How Virtual Private Cloud and networking in Nebius AI work
Virtual Private Cloud (VPC) provides networking resources that are used in other Nebius AI resources, such as Compute Cloud virtual machines and Managed Service for Kubernetes clusters and their nodes.
Network-connected resources: What Virtual Private Cloud works with
Nebius AI resources of the following types are network-connected and use Virtual Private Cloud addressing and service resources:
- Compute Cloud virtual machines (VMs).
- Managed Service for Kubernetes cluster masters (control planes) and nodes.
Addressing
Private IP addresses
Each network-connected resource gets a private IPv4 address at creation. Resources can communicate with each other without internet access using their private addresses. Private addresses are allocated from the IPv4 CIDR block 10.130.0.0/24
.
Private IP addresses are managed through subnets. For more details, see Subnets below.
Public IP addresses
You can enable public IPv4 addressing for a network-connected resource. A resource's public address is mapped to its private address using one-to-one NAT.
The public addresses are allocated to resources randomly from the following CIDR blocks:
195.242.16.0/20
A public IP address can be dynamic or static:
- Dynamic: When the resource is stopped, its dynamic public address is released, and the resource receives a new public IP address the next time it is started. When the resource is restarted, the address does not change. When public addressing is enabled for a resource, either at creation or modification, it receives a dynamic address.
- Static: When the resource is stopped or restarted, its static public address stays the same. You can make a dynamic address assigned to a resource static and vice versa.
You will need to pay to use public IP addresses. For details, see Pricing for Virtual Private Cloud.
Virtual Private Cloud service resources
Note
Virtual Private Cloud service resources are legacy resources. Unless stated otherwise, you cannot manage them, e.g. edit the default resources, delete them, or create new resources.
Network
A network contains other Virtual Private Cloud resources of most types, such as subnets, routing tables, and gateways.

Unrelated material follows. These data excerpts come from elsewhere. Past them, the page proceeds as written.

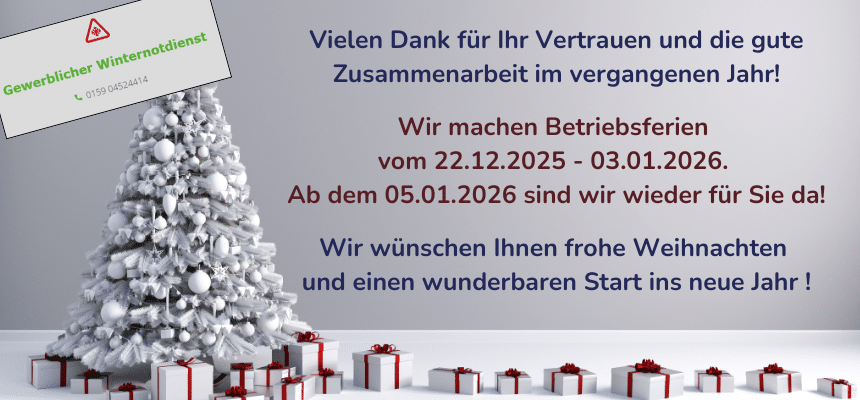 Bitte beachten Sie: Vom 22.12.2025 bis einschließlich 03.01.2026 bleibt unser Betrieb geschlossen. Ab dem 05.01.2026 sind wir wieder wie gewohnt für Sie da.
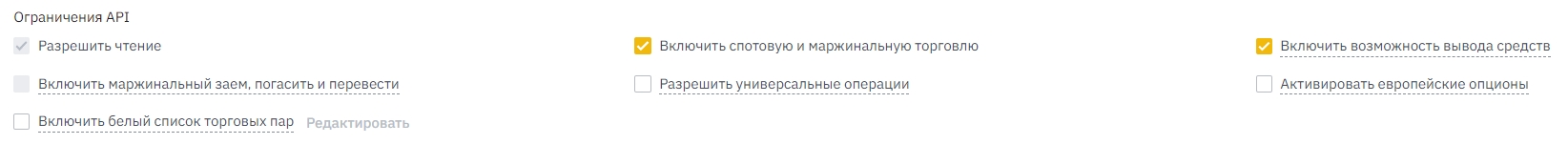 Налаштування в обліковому записі Binance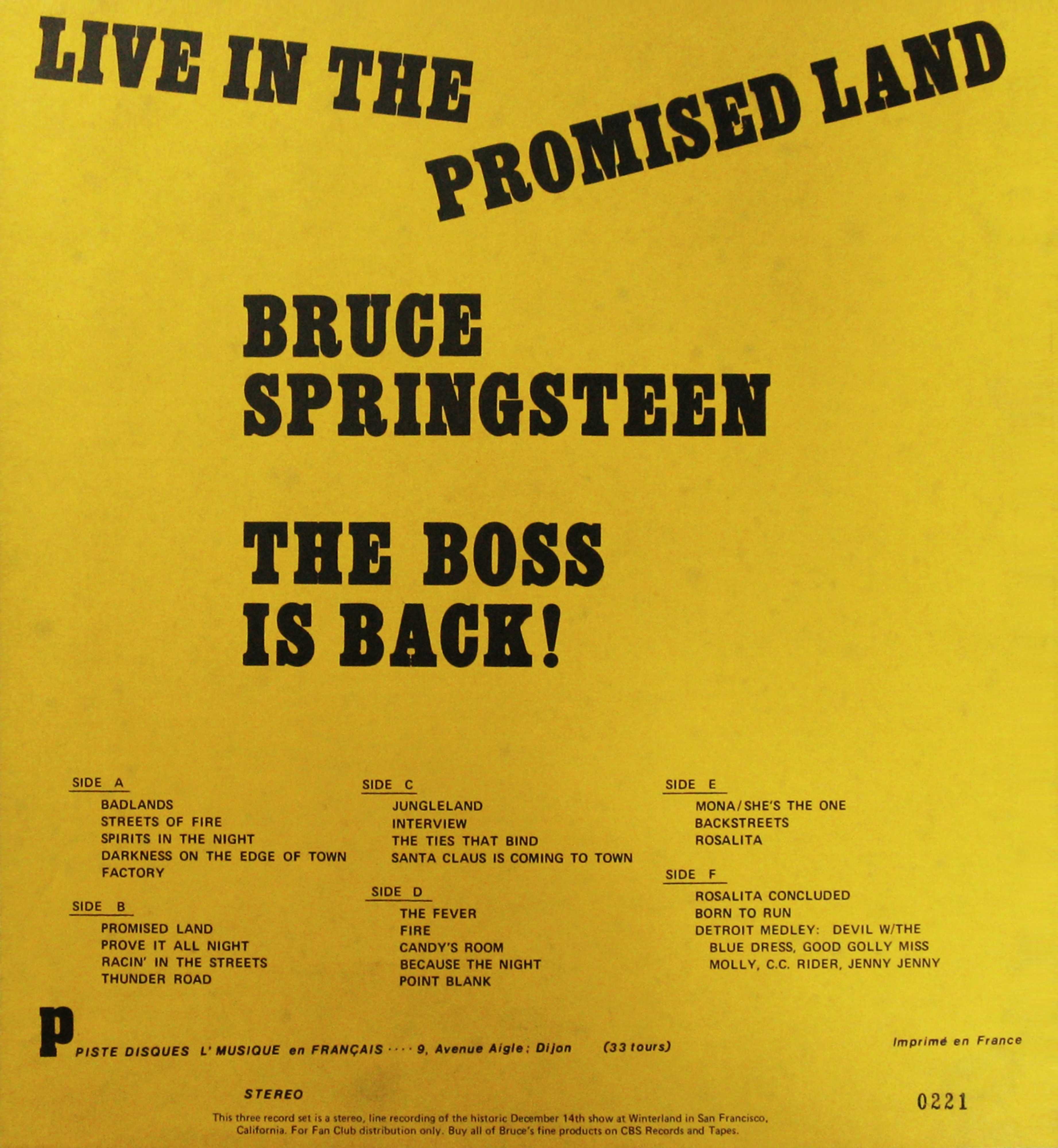 The original pressing was pressed on black vinyl with "Skeleton" labels, with "BS 2978-A/F" matrices, the first 450 copies were packaged in a beautiful black box with a numbered yellow insert, the remaining copies came in a gatefold sleeve with black and white images and a beautiful photo of Bruce inside.
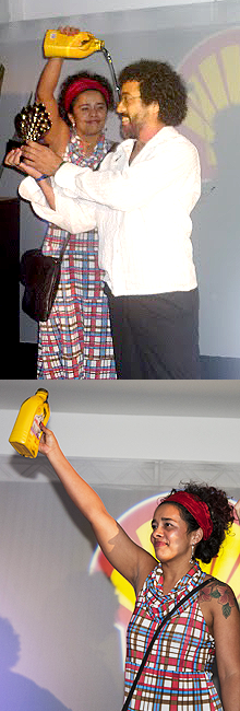 Homenageados criticaram patrocínio da petroleira e atriz jogou óleo queimado no palco, simulando petróleoMerece todo o nosso apoio a atitude corajosa do Coletivo Dolores Boca Aberta Mecatrônica de Artes, um dos grupos teatrais de São Paulo, durante a 23ª. cerimônia de entrega do Prêmio Shell de Teatro. Na hora de receber o troféu, dois atores do grupo fizeram uma pequena encenação em protesto contra a empresa. A atriz Nica Maria jogou óleo queimado, simulando petróleo, sobre a cabeça do ator Tita Reis, que em seu discurso ironizou o patrocínio da Shell. “Nosso coração artista palpita com mais força do que qualquer golpe de estado patrocinado por empresas petroleiras”, disse o ator. Foi uma enorme surpresa para o público e para os patrocinadores, que nunca esperavam tamanha ousadia por parte de um grupo selecionado para receber o prêmio.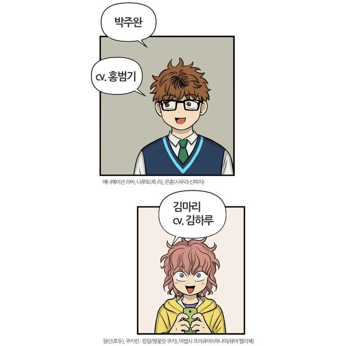 주인공 배역(고해준, 백은영)은 여러분께서 가장 많은 추천을 해주신 성우를, 주인공 성우외에 전체 주요 성우캐스팅은 홍쇼제작진의 논의를 거쳐 완성하였습니다!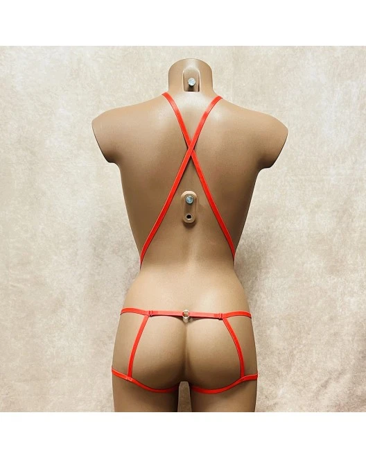 Laissez vos courbes féminines s’exprimer avec audace à travers le body shorty ouvert sur l’intimité, où des brides extensibles au fort pouvoir de séduction enserrent vos courbes.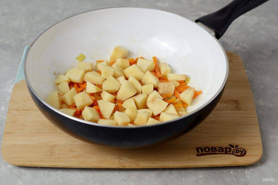 Айву очистите от кожуры, нарежьте на кубики среднего размера. Добавьте в сковороду еще немного растительного масла. Перемешайте и тушите, пока айва не станет немного мягкой.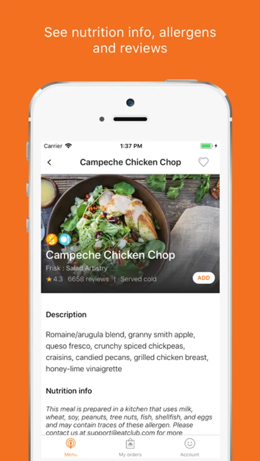 EAT Club is a company sponsored meal program bringing individually ordered and individually packaged food right to your office. Sign up for our platform via invitation from your employer and select your meals for the same day or a week in advance.

The default network is default-eu-north1
.
Subnets
A subnet is a range of private IPv4 addresses. A resource, such as VM, is attached to a subnet and assigned a private address from it. Resources attached to the same subnet can communicate with each other using their private addresses. The first two addresses in a subnet are reserved for its gateway (x.x.x.1
) and DNS server (x.x.x.2
).
The default subnet is default-eu-north1-c
inside the default-eu-north1
network. Its IPv4 CIDR block is 10.130.0.0/24
; that is, resources in this subnet are assigned private IP addresses 10.130.0.3
to 10.130.0.254
. default-eu-north1-c
should be used for Compute Cloud virtual machines and Managed Service for Kubernetes node groups. VMs and node groups created in the management console are automatically added to this subnet.
When you create a Managed Service for Kubernetes cluster, two subnets with CIDR blocks that you specify are created for its pods and services respectively.
Routing tables and NAT gateways
A routing table defines how outgoing (egress) traffic from resources attached to a subnet is routed. Each rule in a routing table defines the next hop for the traffic depending on its destination. A NAT gateway is used as the next hop for all destinations outside the subnet, so that resources attached to the subnet have internet access but cannot receive incoming connections from the internet.
The default-eu-north1-c
subnet has a routing table with a NAT gateway rule, so that resources attached to the subnet have internet access.
Security groups
A security group defines access rules for incoming (ingress) and outgoing (egress) traffic. An ingress rule denies or allows incoming traffic from certain sources, and an egress rule denies or allows outgoing traffic to certain destinations. A security group can be attached to a resource such as VM so that the group's rules apply to the VM's traffic.
The default
network contains a default security group that allows all ingress and egress traffic. The security group is attached to all network-connected resources.